In April, as Maryland prisons had already confirmed 136 cases and one death, Hogan signed an executive order expediting the release of those scheduled to be released within 120 days. The order also accelerated parole hearings for those over age 60 who had not been convicted of violent crimes, which excludes Pretty. Hogan’s office did not respond to The Appeal’s request for comment. 

The Maryland Correctional Institution for Women had 52 confirmed cases of COVID-19 as of Monday. In response to inquiries about Pretty’s care or measures taken to prevent COVID-19 spread in the prison, the Department told The Appeal, “The women’s prison, like others across our system, has a medical infirmary.” 

Pretty is not the only person whose chances for freedom have been stymied by the actions of a governor. In Louisiana, Gloria Williams, the state’s longest-serving incarcerated woman, was awaiting Governor John Bel Edwards’s decision on her commutation when she contracted the novel coronavirus and was hospitalized. In early March, Indiana advocates called on Governor Eric Holcomb to preemptively release aging people from prison, including the state’s longest-serving incarcerated woman, 62-year-old Sarah “Cindy” White, sentenced to life as a teenager in 1976. Holcomb did not; White contracted and was hospitalized for COVID-19

In North Carolina, COVID-19 claimed the life of Faye Brown, who was serving a life sentence in connection with a 1975 robbery in which her co-defendant fatally shot a state trooper. Brown came close to gaining her freedom in 2009 after the state Supreme Court ruled in favor of a man who argued that credits for good behavior should be applied toward his sentence. That opened the door for others like him, including Brown, to argue the same. She walked as far as the prison parking lot before then-Governor Beverly Perdue stopped the release of anyone convicted of murder, rape, or assault. Brown died at the North Carolina Correctional Institution for Women on May 6.

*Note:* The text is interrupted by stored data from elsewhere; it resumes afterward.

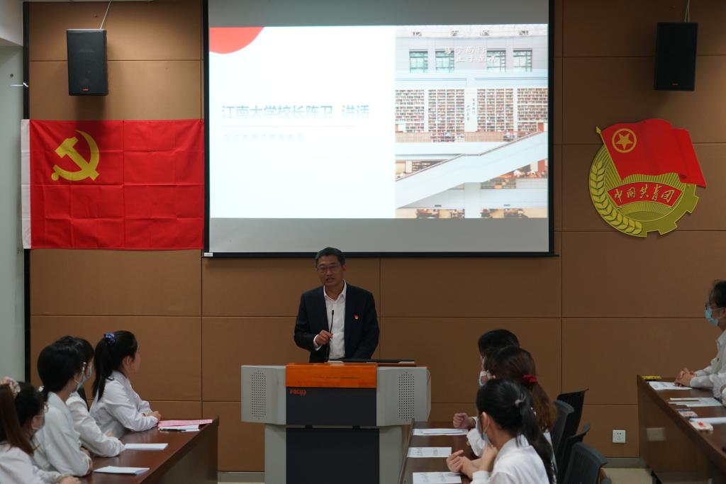 活动最后,校长陈卫作青春寄语。首先,陈校长对团员青年致以节日问候,表示以党团支部共建的形式在青年节开展活动有着特别的意义。在听取了金融1901团支部的青春汇报、见证了天南海北的江南人的青春接力后,他围绕“当代大学生应该如何明确自己的奋斗目标、找对前进方向;如何将个人的小我融入到祖国的大我、人民的大我之中”,对江南青年提出了三点希望:一是永葆爱党爱国之“心”,坚定爱国爱党的理想信念;二是练就本领之“需”,常固理论之本、常借他山之石、常践笃行之志,锤炼过硬本领;三是扎根基层之“土”,积极参加社会实践,为脱贫攻坚和乡村振兴贡献江南力量。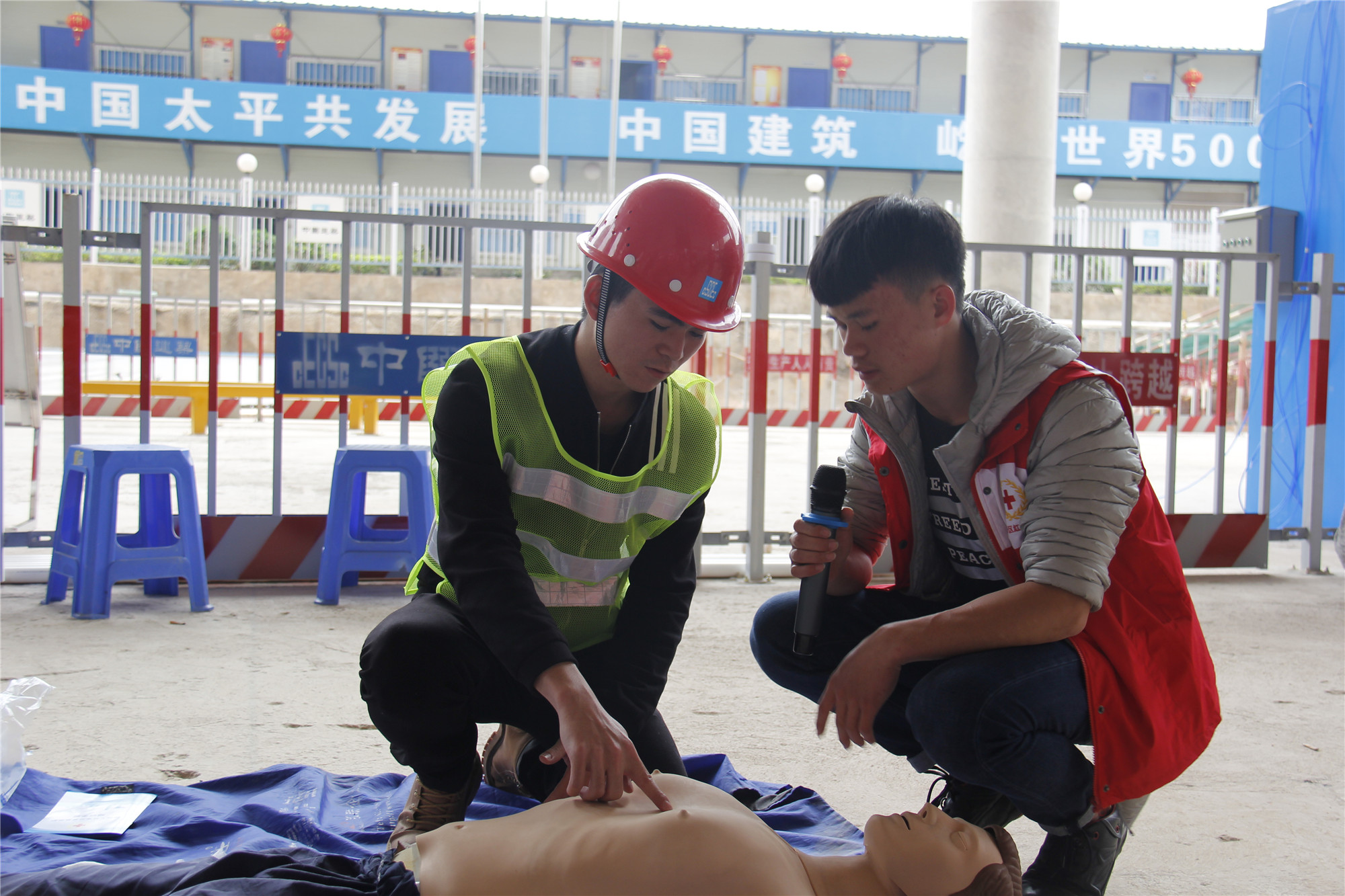志愿者指导工人学习心肺复苏术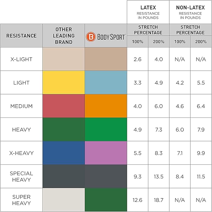 • VERSATILE. The Body Sport Exercise Bands are ideal for upper and lower body strength and resistance training at the clinic, at home, or on the go.
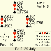 | Con | Dc | Res | Score | Ld | Pairs | Rd | Tbl | 3 x | E | -4 | 1100 | A | 06 - 12 | 11 | 6 |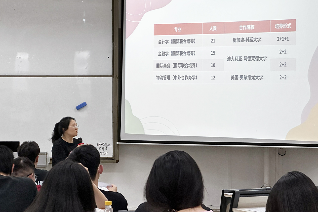 会议伊始,曹磊系统介绍了项目的整体情况。2023级“2+2”项目涵盖国际商务、金融学、会计学三个国际联合培养专业和物流管理一个中外合作办学专业,合作院校来自多个国家。曹磊强调,项目同学要珍惜同窗情谊,在未来的留学生活中互帮互助,共同进步,打造紧密团结的海外学习共同体。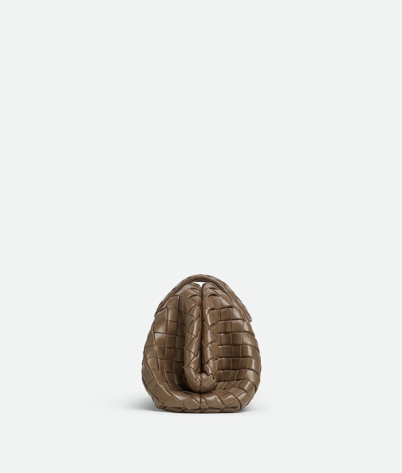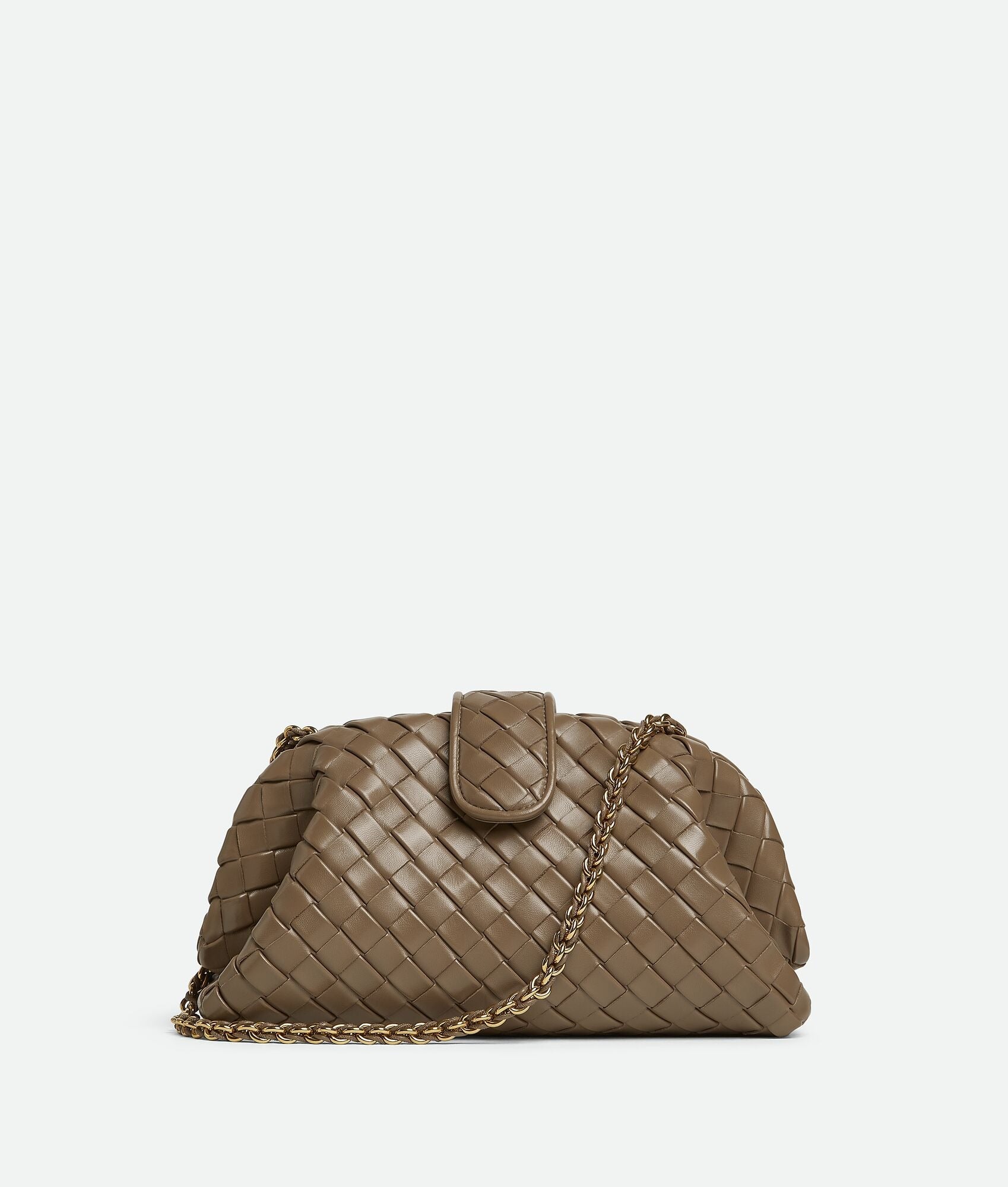 Lauren 1980 clutch in padded Intrecciato leather with tubular leather braided metal chain.

Goodmark and Meadows are trying to avoid a similar fate for Pretty. Three days after her hospitalization, they filed an emergency petition for commutation; they have yet to receive a response. On Wednesday, 56 members of the Maryland House of Delegates sent a letter to Hogan urging him to commute Pretty’s sentence and allow her immediate release.

In her advocacy efforts, Meadows has heard counterarguments that the governor can be trusted to do the right thing when considering parole. But, she told The Appeal, “it’s been 12 years since Eraina Pretty was first recommended for parole. In those 12 years, no governor has done the right thing and now she has COVID. If we can’t trust the governor to do the right thing for Eraina Pretty and for other people who are at tremendous risk [from COVID-19] and who pose no risk to public safety, if we can’t trust him during a pandemic, then I’m not sure we can trust him at all. This is why parole reform is so important in this moment.”